Wednesday
Aug. 25, 1999
The Barber
Poem: "The Barber," by Aaron Anstett, from Sustenance: Poems (New Rivers Press, Minnesota Voices Series, Project Number 78).
It was on this day in 1944 that American troops LIBERATED PARIS from the Nazis. The troops encountered resistance as they made their way into the city, first from the Germans who made a last-ditch effort to hold it, then by the Parisians who dragged GI's off their jeeps to kiss them. Hitler had ordered Paris to be burned to the ground, and when he heard the news, he asked, "Is Paris burning?" His own commanding officer in Paris disobeyed the order, told his men not to destroy it, then surrendered.
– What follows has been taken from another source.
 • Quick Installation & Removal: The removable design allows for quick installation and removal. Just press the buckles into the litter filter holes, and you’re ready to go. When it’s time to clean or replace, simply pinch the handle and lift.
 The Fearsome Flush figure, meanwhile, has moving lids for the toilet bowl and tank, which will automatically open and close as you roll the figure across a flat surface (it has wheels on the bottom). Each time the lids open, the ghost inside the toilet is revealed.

It's the birthday of writer MARTIN AMIS (AY-miss), born in 1949, Oxford, England, author of the novels Money (1984) and London Fields (1989) about blue-collar Cockneys trying to make their way in modern London. His first novel, The Rachel Papers, came out when Amis was 24 and he'd already been the fiction and poetry editor at the Times in London for two years. Since the early '80s he's made several trips to America where he writes a "Letter from New York" for England's The Observer newspaper, and says he tries to find "preferably the most vulgar and lurid things" he can to write about. He collected them in 1986 under the title The Moronic Inferno and Other Visits to America.
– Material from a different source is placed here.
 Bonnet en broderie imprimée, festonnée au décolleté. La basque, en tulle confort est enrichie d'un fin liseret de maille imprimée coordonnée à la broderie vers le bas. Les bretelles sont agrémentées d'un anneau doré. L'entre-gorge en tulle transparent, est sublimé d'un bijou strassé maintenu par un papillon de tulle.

It's the birthday of poet CHARLES WRIGHT, born in Hardin County, Tennessee, 1935. He wrote Black Zodiac, the poetry collection that won last year's Pulitzer Prize.
Leonard Bernstein, (BERN stine) one of America's most successful musicians, was born on this day (1918) in Lawrence, Massachusetts, to Russian immigrant parents who hoped the boy would take over their beauty supply business. He started piano lessons at age 10. While he was a summer camp counselor in the Berkshires, he met Adolph Green, and later moved in with him to a tiny East Ninth Street in Greenwich Village when he was out of work in New York. He began playing the piano at the Village Vanguard for a group called the Revuers, made up of Judy Holiday, Green, and Betty Comden, with whom he later collaborated on several Broadway musicals. He went to the Curtis Institue in Philadelphia to study conducting, when he was twenty-two years old, he was offered a guest conducting engagement at the Boston Symphony, which he turned down because it wasn't a union orchestra. He was then offered the job of assistant conductor of the New York Philharmonic, and one Sunday afternoon in 1943, when conductor Bruno Walter fell ill, the young assistant took over and achieved a sensational success.